A beautiful day here. Finn and I went out with our friends Paul and Calder Stewart to steward some trails on Mount Gardner. We were working on Hand Logger's Trail which runs from the top of a cul-de-sac of West Side Road over to where a trail ascends from the end of Windjammer Road in Bluewater. Hand Logger's Trail is part of a trail network that encircles the mountain at around the 400 metre level, meaning that it is relatively level for most of the way. We were out today clearing some branches that had fallen during the winter, moving around some bucked up timber and working on a couple of really wet spots that benefited from having the water channelled to avoid it pooling on the trail. We built a small new section of trail around a persistent swamp and started to clear a new trail beside a significant creek that flows on the west side of the mountain past the old mine shafts.
Calder and Paul have been stewarding the trails around there for the past few years. It's a quiet job they do, largely out of the sight and knowledge of most anyone who uses those trails, but you can really see their work on sections of the path that seem welcoming, or especially aesthetically lovely. We're not slashing and burning roads up there, but rather working in concert with the land itself to build very natural places where flow wants to go, whether that is the flow of water or the flow of feet and bike wheels.
It's just a gorgeous way to spend a Sunday.
On the way home as dusk was falling, the spring air rang out with the referee whistles of Varied Thrushes calling to one another. Spring is truly here.
Tuesday, March 20, 2007
A warm and wild wind blew through here last night and today the skies are clearing today. It is spring now and the news from the hatchery is that the chums have started to emerge. If you want to see them in the wild, trek down to the base of Bridal Veil falls and see if you can spot the little ones in the pools at the bottom of the fish ladder. They're not easy to spot, but it's a lovely sign of spring when you can see baby salmon.
Thursday, March 15, 2007
The stupidest fence on Bowen Island is the one at the end of Whitesails Drive where the trail down to Cape Roger Curtis starts. It's just about 100 meters of chain link fence that doesn't go anywhere and is basically the security version of pissing on a fire hydrant. It seems that its only function is to hold up a couple of "No Trespassing" signs.
Monday, March 5, 2007
Out for a walk this afternoon. SInce I am spending so little time here these days, I'm taking more time to walk deeply in the forest around my house, to visit the land and sea and stay quite connected to the rhythms of this place. So for your edification on this misty late winter afternoon, here are a few things I noticed...

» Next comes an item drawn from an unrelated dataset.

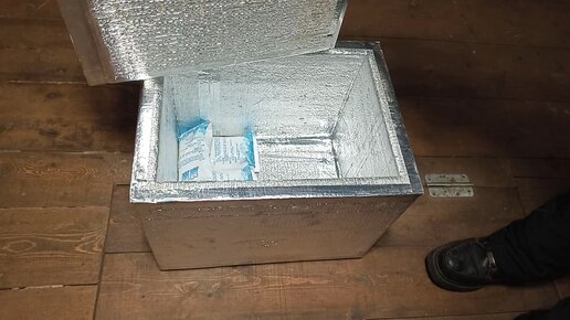 Самодельный холодильник из пенопласта, с аккумуляторами холода.

- A few early signs of spring, including new growth on the salmonberries and some skunk cabbage growing in the swamp.
- An accounting of some of the carnage of the winter storms which felled hundreds of trees in Crippen Park, including these three giants.
- The fallen trees will open up much new light in the forest and allow for more growth of food plants like berry bushes and ferns. I was lucky to harvest these licorice fern rhizomes from a fallen maple log. You can see in this photo how thick the moss is that they grow in. So lush. After picking through the moss my hands smelled like rich, wet life. Fantastic!